引退発表の高市未来、晴れやかに報告「もう頑張れない」五輪3大会メダル届かず「本当に高い壁だった」コーチに転身
柔道女子63キロ級で五輪3大会連続出場の高市未来(30)=コマツ=が30日、現役を引退し、指導者の道に進むことを発表した。同日、都内で取材に応じ「本日をもちまして引退することになりました。長年ありがとうございました。現役生活を振り返ると悔しさも少しあるが、柔道をまた違う目線で勉強し、見ていきたい気持ちが強い。これからも日本柔道の発展に少しでも力になれるように頑張りたい」と晴れやかな表情で報告した。

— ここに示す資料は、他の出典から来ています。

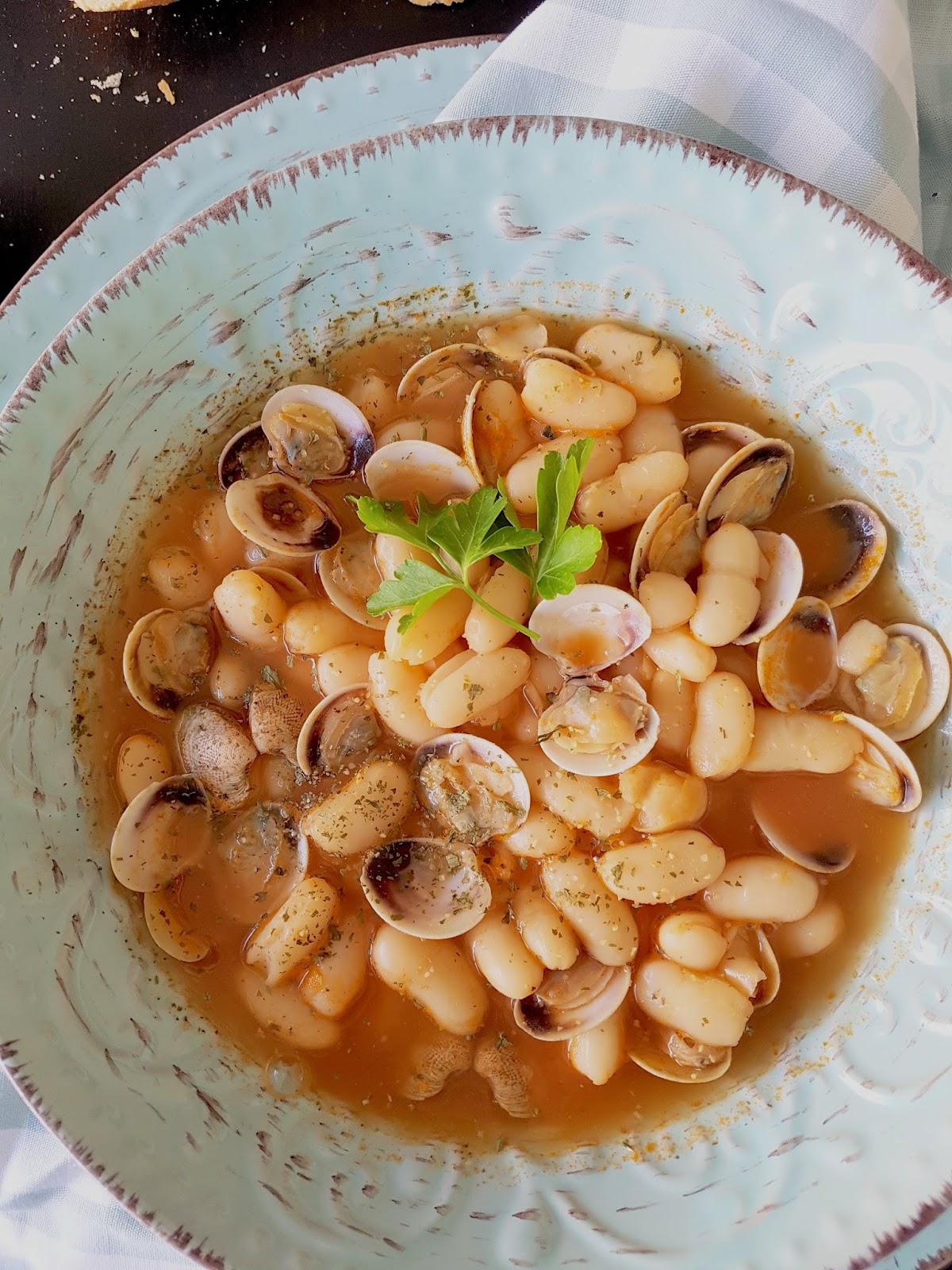 Añadimos el cava, el agua de abrir las chirlas y dejamos que hierva un par de minutos, añadimos el tomate, el pimentón a gusto las alubias bien lavadas y escurridas, si es necesario añadimos un poco de agua o caldo de verduras (que fue mi caso) y dejamos que hierva el conjunto unos 10 minutos.

高市は足技や寝技などを武器に、2016年リオデジャネイロ、21年東京、24年パリと3大会連続で五輪に出場。個人戦ではメダルに届かなかったものの、東京、パリでは混合団体戦で銀メダル獲得に貢献した。また、リオ、東京は旧姓の田代で出場した後、22年に元世界選手権代表の高市賢悟氏と結婚。今夏は高市姓で出場した。
パリ五輪の後は「まだやりたいかも」と進退について悩んだというものの、「10月に入ってから、少しずつ、やっぱりもう頑張れないなと。練習でももう一踏ん張りがないし、世界に挑戦するには難しいと思って今月初めに(引退を)決断した」と明かした。

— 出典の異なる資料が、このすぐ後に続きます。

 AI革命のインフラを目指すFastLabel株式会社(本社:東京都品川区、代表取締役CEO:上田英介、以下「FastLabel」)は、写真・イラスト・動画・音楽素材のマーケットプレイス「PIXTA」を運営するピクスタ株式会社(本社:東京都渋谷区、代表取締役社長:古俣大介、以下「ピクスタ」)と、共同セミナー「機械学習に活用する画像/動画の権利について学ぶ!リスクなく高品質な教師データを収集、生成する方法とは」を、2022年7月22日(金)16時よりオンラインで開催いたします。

3大会に出場しつつも個人戦でメダルに届かなかった五輪については「本当に高い壁だった」と高市。「でも、そこに向けて全てを懸けて挑んだので、すごく有意義な時間だったし、苦しいことも楽しいこともたくさんあったし、すごく貴重な時間だった。成功して終わりたかったが、そうはいかなかったので、そういった(悔しい)感情や経験も生かしていきたい」と振り返った。

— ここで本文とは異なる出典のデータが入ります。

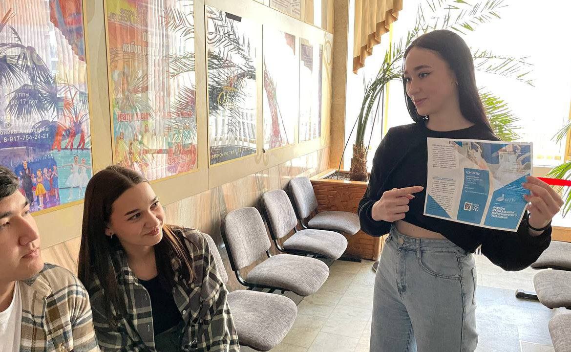25 апреля в Народном ансамбле танца "Айтуган" (г. Уфа) прошла профориентационная встреча, которая вызвала большой интерес среди участников ансамбля. Студенты 2 курса профиля "Хореографическое образование (хореография) БГПУ им. М. АкмуллыГилязиева Камилла и Махмутова Элина под руководством заведующей кафедрой музыкального и хореографического образования Т.И. Политаевой рассказали об образовательной программе "Хореографическое образование", поделились своим опытом поступления, а также обсудили перспективы трудоустройства будущих педагогов-хореографов.

今後はコマツでコーチを務めるが、「今までは自分自身のために一生懸命頑張ってきたので、人に伝えることが苦手だったが、(選手と)うまくコミュニケーションを取れるようにしたい。もう少し柔道を楽しみたいし、大きな視野を持って柔道を見ていきたい」と語った。
この日、所属を通じて引退を発表した高市は、東京・講道館で行われたウクライナチームとの交流事業にアスリート委員として参加。自国では柔道の練習すらままならない若手選手の練習相手を務めた。なお、引退会見は行わない。